For this exercise, the lines from the one with "Customization settings ensure" through the final line of the data below are to be transcribed exactly, and pictures are to be skipped.

Input data START

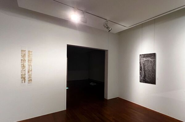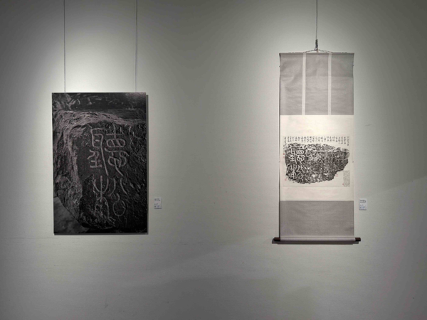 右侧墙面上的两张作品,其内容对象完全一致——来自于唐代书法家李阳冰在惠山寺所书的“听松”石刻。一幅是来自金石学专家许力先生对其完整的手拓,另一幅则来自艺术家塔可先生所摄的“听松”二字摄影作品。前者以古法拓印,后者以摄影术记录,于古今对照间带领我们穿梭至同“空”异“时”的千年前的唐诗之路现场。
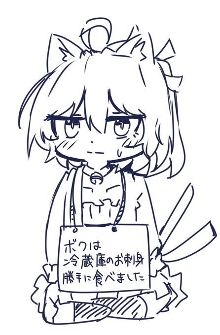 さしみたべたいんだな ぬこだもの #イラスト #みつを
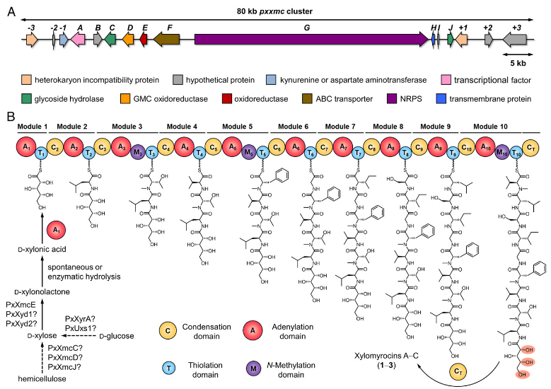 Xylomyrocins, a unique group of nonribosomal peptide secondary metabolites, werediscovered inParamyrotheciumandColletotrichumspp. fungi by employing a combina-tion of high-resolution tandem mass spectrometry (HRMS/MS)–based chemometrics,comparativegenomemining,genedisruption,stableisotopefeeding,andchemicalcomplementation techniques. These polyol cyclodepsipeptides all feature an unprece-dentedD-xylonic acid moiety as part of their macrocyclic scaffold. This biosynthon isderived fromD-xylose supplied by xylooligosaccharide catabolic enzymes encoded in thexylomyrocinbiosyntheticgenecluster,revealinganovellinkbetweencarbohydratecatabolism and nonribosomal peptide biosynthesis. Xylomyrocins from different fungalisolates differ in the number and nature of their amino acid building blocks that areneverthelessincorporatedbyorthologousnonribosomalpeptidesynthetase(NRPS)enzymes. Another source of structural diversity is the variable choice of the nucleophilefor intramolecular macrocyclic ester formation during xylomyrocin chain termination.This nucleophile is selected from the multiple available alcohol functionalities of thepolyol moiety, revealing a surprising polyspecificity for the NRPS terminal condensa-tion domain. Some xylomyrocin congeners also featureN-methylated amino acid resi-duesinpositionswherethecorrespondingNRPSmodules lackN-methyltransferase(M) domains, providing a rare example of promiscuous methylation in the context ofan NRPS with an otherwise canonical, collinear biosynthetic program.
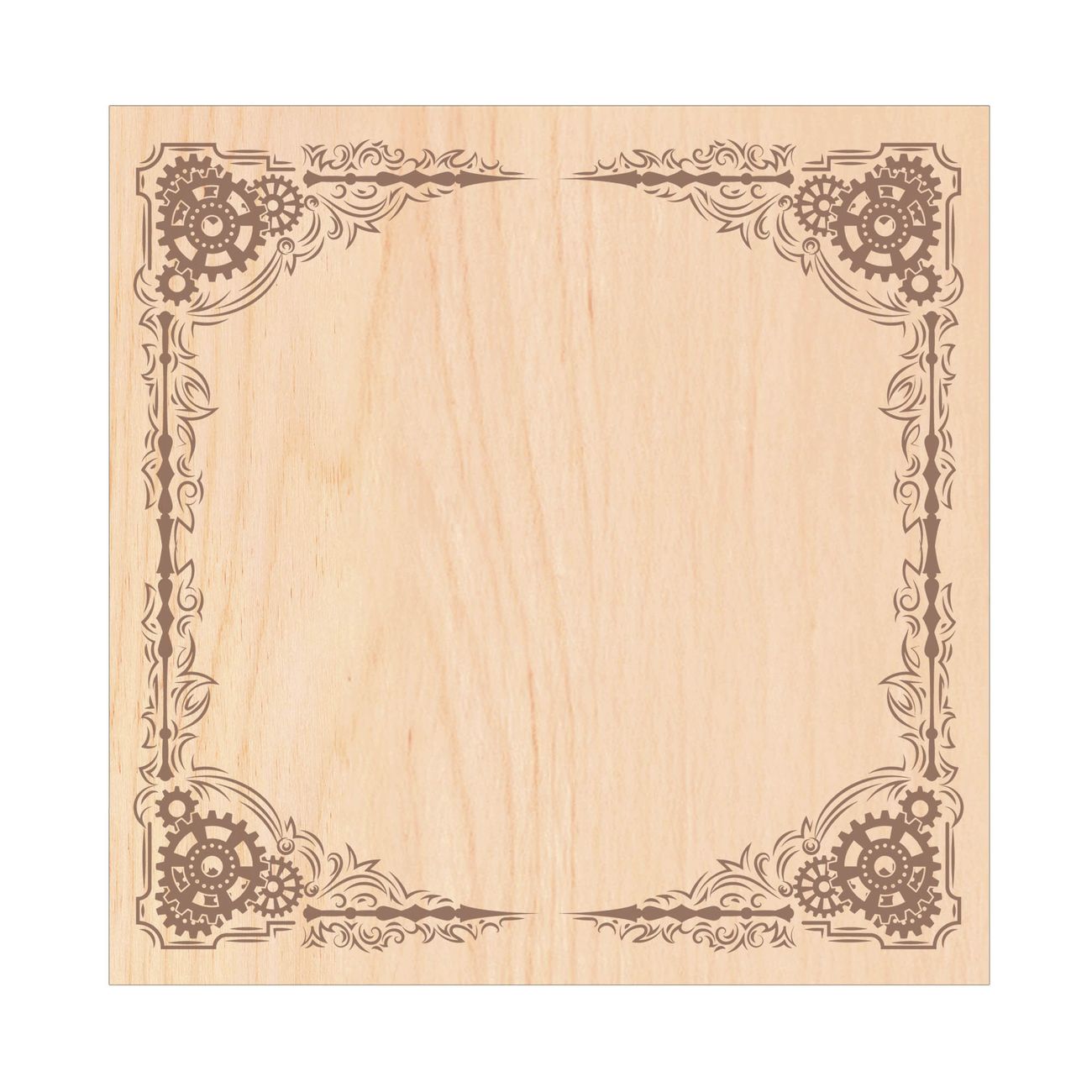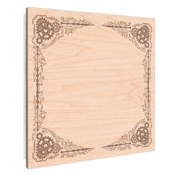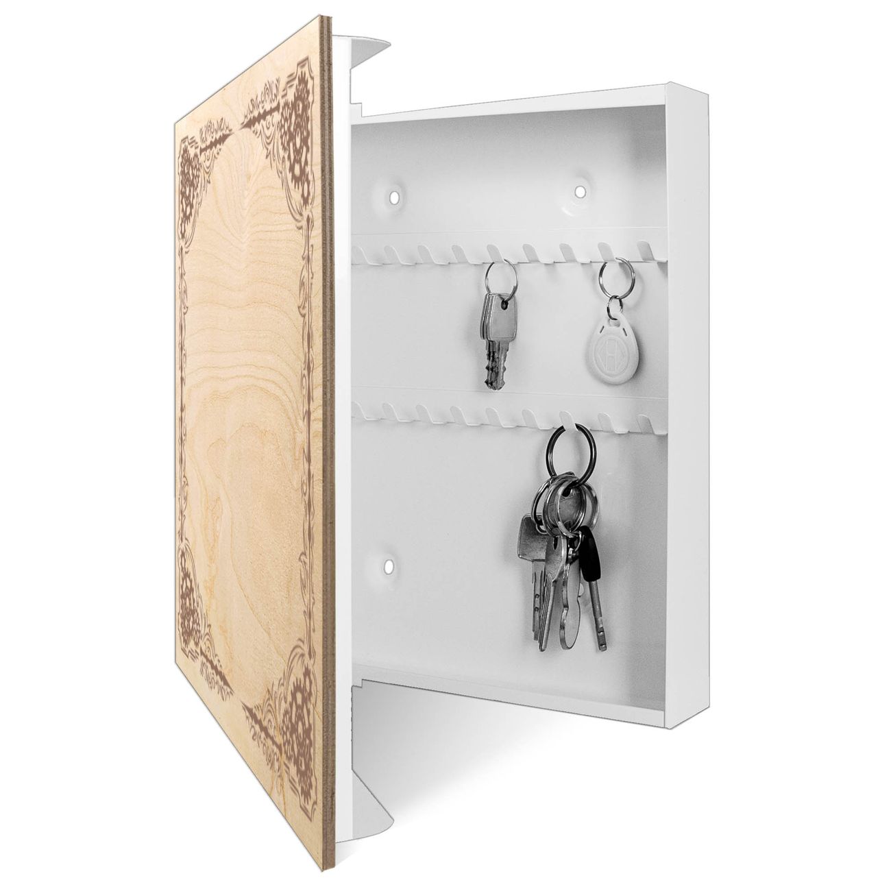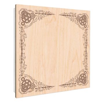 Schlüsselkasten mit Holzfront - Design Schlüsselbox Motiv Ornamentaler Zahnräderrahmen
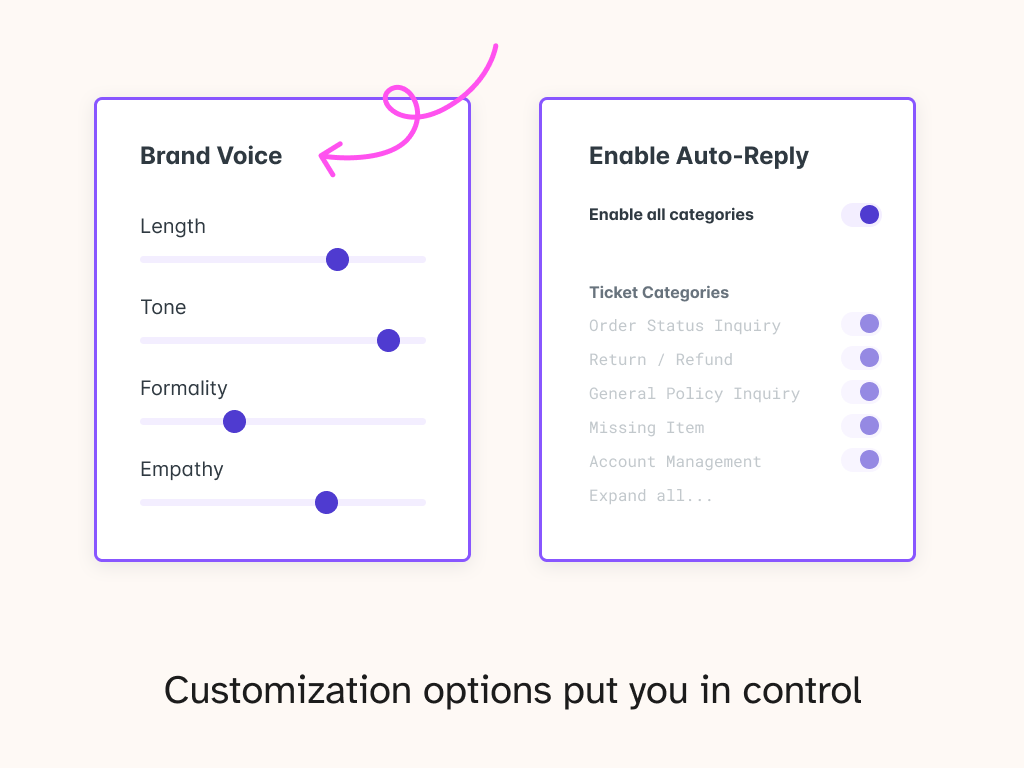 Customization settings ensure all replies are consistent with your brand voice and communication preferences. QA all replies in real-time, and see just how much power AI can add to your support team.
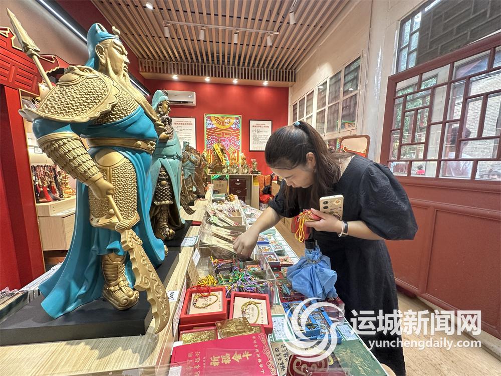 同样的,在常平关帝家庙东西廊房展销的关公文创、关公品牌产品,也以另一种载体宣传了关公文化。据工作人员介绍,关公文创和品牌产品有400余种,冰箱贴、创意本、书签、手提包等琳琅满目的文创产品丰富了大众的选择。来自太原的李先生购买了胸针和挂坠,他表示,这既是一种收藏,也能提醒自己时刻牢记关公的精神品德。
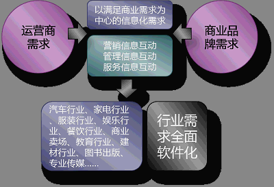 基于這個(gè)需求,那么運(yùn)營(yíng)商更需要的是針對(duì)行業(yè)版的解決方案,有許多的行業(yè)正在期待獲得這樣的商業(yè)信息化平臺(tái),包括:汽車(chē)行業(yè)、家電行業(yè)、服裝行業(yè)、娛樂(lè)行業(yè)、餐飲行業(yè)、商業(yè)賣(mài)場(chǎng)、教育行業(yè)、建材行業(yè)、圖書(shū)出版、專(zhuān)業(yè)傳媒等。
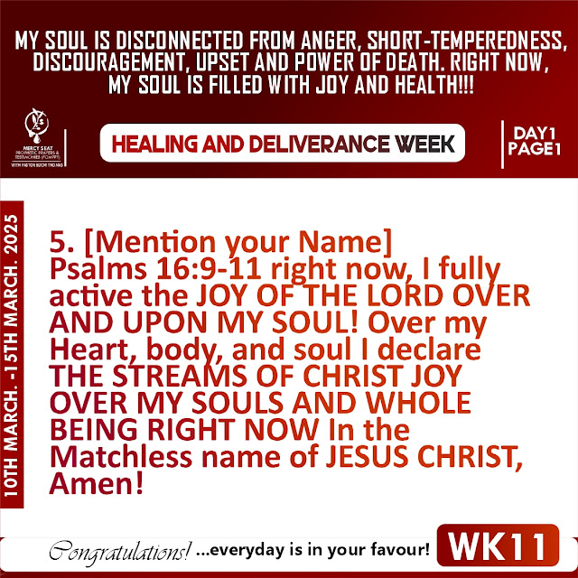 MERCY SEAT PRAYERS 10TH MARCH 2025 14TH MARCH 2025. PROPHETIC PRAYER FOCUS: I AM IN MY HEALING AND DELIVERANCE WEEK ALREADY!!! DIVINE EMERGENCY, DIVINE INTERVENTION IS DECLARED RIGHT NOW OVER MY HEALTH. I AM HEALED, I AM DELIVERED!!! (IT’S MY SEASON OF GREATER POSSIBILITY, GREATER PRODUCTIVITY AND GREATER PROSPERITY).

Input data END

Exercise response ->
 Customization settings ensure all replies are consistent with your brand voice and communication preferences. QA all replies in real-time, and see just how much power AI can add to your support team.
 同样的,在常平关帝家庙东西廊房展销的关公文创、关公品牌产品,也以另一种载体宣传了关公文化。据工作人员介绍,关公文创和品牌产品有400余种,冰箱贴、创意本、书签、手提包等琳琅满目的文创产品丰富了大众的选择。来自太原的李先生购买了胸针和挂坠,他表示,这既是一种收藏,也能提醒自己时刻牢记关公的精神品德。
 基于這個(gè)需求,那么運(yùn)營(yíng)商更需要的是針對(duì)行業(yè)版的解決方案,有許多的行業(yè)正在期待獲得這樣的商業(yè)信息化平臺(tái),包括:汽車(chē)行業(yè)、家電行業(yè)、服裝行業(yè)、娛樂(lè)行業(yè)、餐飲行業(yè)、商業(yè)賣(mài)場(chǎng)、教育行業(yè)、建材行業(yè)、圖書(shū)出版、專(zhuān)業(yè)傳媒等。
 MERCY SEAT PRAYERS 10TH MARCH 2025 14TH MARCH 2025. PROPHETIC PRAYER FOCUS: I AM IN MY HEALING AND DELIVERANCE WEEK ALREADY!!! DIVINE EMERGENCY, DIVINE INTERVENTION IS DECLARED RIGHT NOW OVER MY HEALTH. I AM HEALED, I AM DELIVERED!!! (IT’S MY SEASON OF GREATER POSSIBILITY, GREATER PRODUCTIVITY AND GREATER PROSPERITY).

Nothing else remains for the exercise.